Deu em O Globo
Último condenado da Operação Lava-Jato que ainda estava preso, o ex-governador do Rio Sérgio Cabral saiu da cadeia depois de seis anos e 22 dias. Sua libertação tornou-se mais um pretexto para críticas aos exageros da força-tarefa de Curitiba. Mas, por mais que a Lava-Jato tenha cometido excessos e que Cabral já devesse ter sido solto, seu caso na verdade serve para ilustrar outro problema: a dificuldade da Justiça brasileira para condenar um corrupto confesso.
No voto decisivo em que o Supremo Tribunal Federal (STF) transferiu Cabral para o regime de prisão domiciliar num apart-hotel de Copacabana com vista para o mar, o ministro Gilmar Mendes fez a constatação sensata de que uma prisão provisória tão longa “representava a antecipação da pena”.
INCENTIVO À IMPUNIDADE – Também lembrou que Cabral não está inocentado em nenhum dos vários processos em que é acusado, pois eles ainda não foram a julgamento final. O caso é, portanto, um exemplo acabado de como a legislação penal brasileira funciona como incentivo à impunidade.
Cabral foi alvo da força-tarefa da Lava-Jato no Rio e está denunciado em 35 processos. A Operação Eficiência tratou de seu patrimônio oculto, e a Calicute, lançada a partir de Curitiba para investigar corrupção na construção da usina nuclear de Angra-3, descobriu uma rede montada por Cabral para subornar empreiteiros e empresários.
Ele fez inúmeras confissões a respeito das propinas variadas que recebia, que apelidou de “taxa de oxigênio”. “A tradição era 10%, 20%, 30%. E aqui não quero me eximir, querendo ser bonzinho não, por cobrar 5%. Mas essa era a tradição do segmento”, afirmou Cabral sobre o dinheiro que obtinha em áreas como Educação, Saúde e Transporte.
VICIADO EM DINHEIRO – Houve corrupção na reconstrução do Maracanã e até na terraplenagem do terreno do Complexo Petroquímico do Rio de Janeiro (Comperj), em Itaguaí. Condenado em diversos processos a penas que somam 425 anos, ele chegou a fazer autocrítica:
“Foi meu erro de postura, de apego ao dinheiro. Isso é um vício”.
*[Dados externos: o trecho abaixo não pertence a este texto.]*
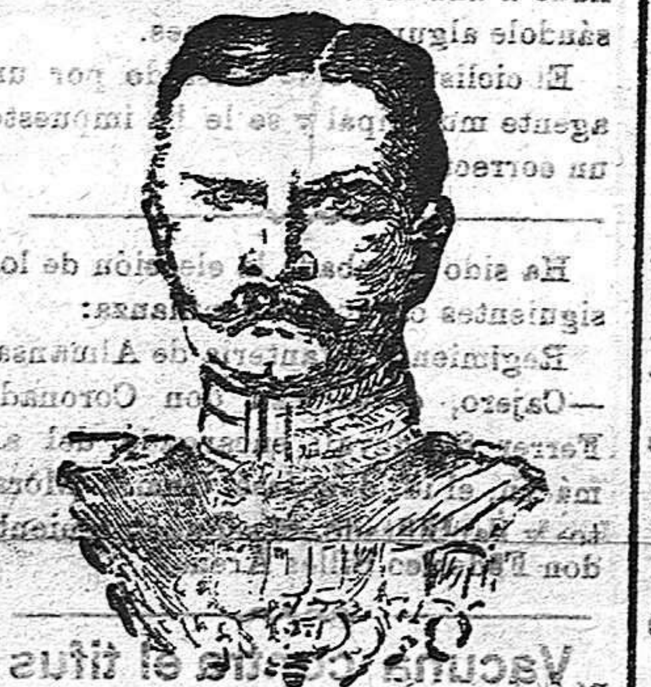
General von Makausen, comandante de uno de los ejércitos alemanes de Polonia y conquistador de Lodz.

La superficie media de cada término municipal es de 56 kilómetros cuadrados. En Murcia este promedio es de 269 46 kilómetros cuadrados, y en Guipúzcoa es solo de 20 94.
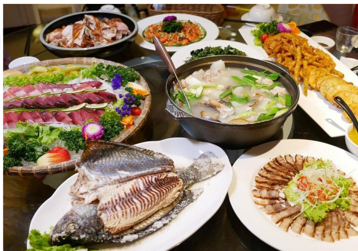
圖 / 太平洋食府 (午餐)

聘請五星級專業主廚團隊為客戶打造精緻餐點及在地美食。食物烹煮採用 [ 花蓮無毒有機農業生產 ] 的農產品以及太平洋特色海鮮烹煮。
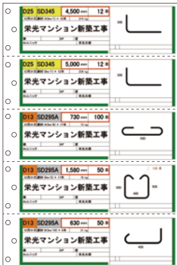
カット荷札 A4用紙 10分割・5分割対応しています。
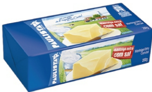
550-MANTEIGA PAULISTA COM SAL 200GCX25UN 18528

Cabral só era mantido preso preventivamente em razão da decisão do STF do final de 2019 definindo que as sentenças começariam a ser cumpridas não mais mediante a confirmação da pena na segunda instância, mas só depois da sentença definitiva, esgotados todos os infindáveis caminhos que a Justiça brasileira oferece a réus que podem pagar bons advogados.
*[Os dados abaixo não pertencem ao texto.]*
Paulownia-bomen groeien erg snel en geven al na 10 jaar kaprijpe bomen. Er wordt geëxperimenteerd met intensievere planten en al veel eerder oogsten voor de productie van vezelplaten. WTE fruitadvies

FILIGRANAS PROCESSUAIS – Entre aqueles que contam com assessoria jurídica competente, capaz de anular provas com base em filigranas processuais ou de estender os recursos até a prescrição dos crimes, voltou a predominar o sentimento de impunidade.
Tão logo a Justiça referendou a suspeição do juiz Sergio Moro na Lava-Jato, os condenados e denunciados pela força-tarefa trataram de limpar seus prontuários judiciais.
Não espanta que Sérgio Cabral, com todas as suas confissões e provas validadas pela Justiça, também se aproveite das brechas oferecidas aos corruptos pela lei brasileira.